136 Minn. 372 | Minn. | 1917
Plaintiff sued defendant on certain demands that were admitted. The litigation was over the counterclaim of defendants.
In 1913 plaintiff’s son, Harry McCullough rented a half section of land of defendants. McCullough planted barley and flax. Of the barley, defendants were to receive 1/3, of the flax 1/3. McCullough also farmed several other tracts of land and raised on some of them barley and flax. In the fall of 1913 he hauled both barley and flax to market, and applied certain of the proceeds in a manner in which he had been directed by the defendants. In the fall of 1913 plaintiff took over the interests of McCullough. In March, 1914, McCullough died. He had never had a full accounting with defendants. Defendants now claim that they never received all of the barley and flax to which they were entitled nor the proceeds thereof. They claim that some of the barley and some of the flax which belonged to them was never hauled to market, and that plaintiff appropriated this to her own use. On the trial plaintiff admitted having received and used barley of defendants to the amount of $35.93, and the jury found defendants’ counterclaim sustained to this extent and no more.
Defendants claim that the proof is undisputed that plaintiff appropriated in addition to that above mentioned 41 bushels of barley and 113% bushels of flax.
We think the finding of the jury must be sustained.
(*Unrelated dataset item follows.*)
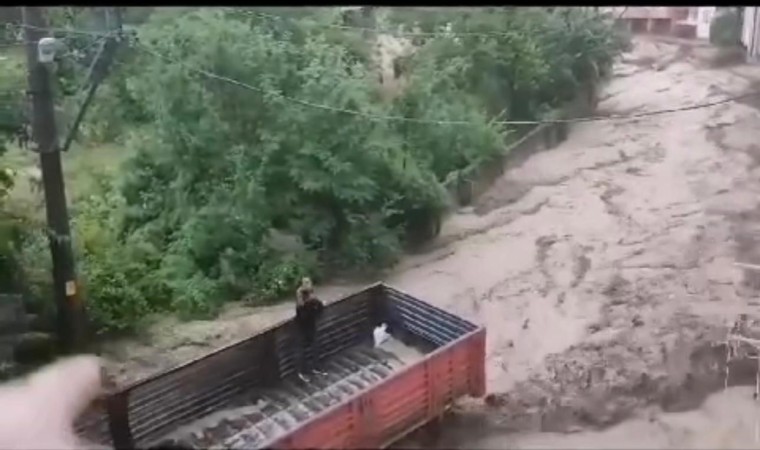 Kamyon sürücüsü sel sularında dehşeti yaşadı, o anlar kamerada

The burden of proof as to the counterclaim was on the defendants. Both parties were much embarrassed in making their proofs by the fact that McCullough alone had knowledge of all the facts, that he kept no books, and that his story cannot now be told, and from the further fact that he farmed several tracts of land and confused the products grown on the different tracts. , .
As to the barley, defendants investigated as best they could and satisfied themselves they had received less than their share by 41 bushels in addition to the amount conceded by plaintiff. They gave the court and jury the result of their investigations, but their evidence was necessarily hearsay, and their research left the matter somewhat in the realm of conjecture. They were no doubt honest in their conclusion, but the jury was not bound to accept their conclusion.
Judgment affirmed.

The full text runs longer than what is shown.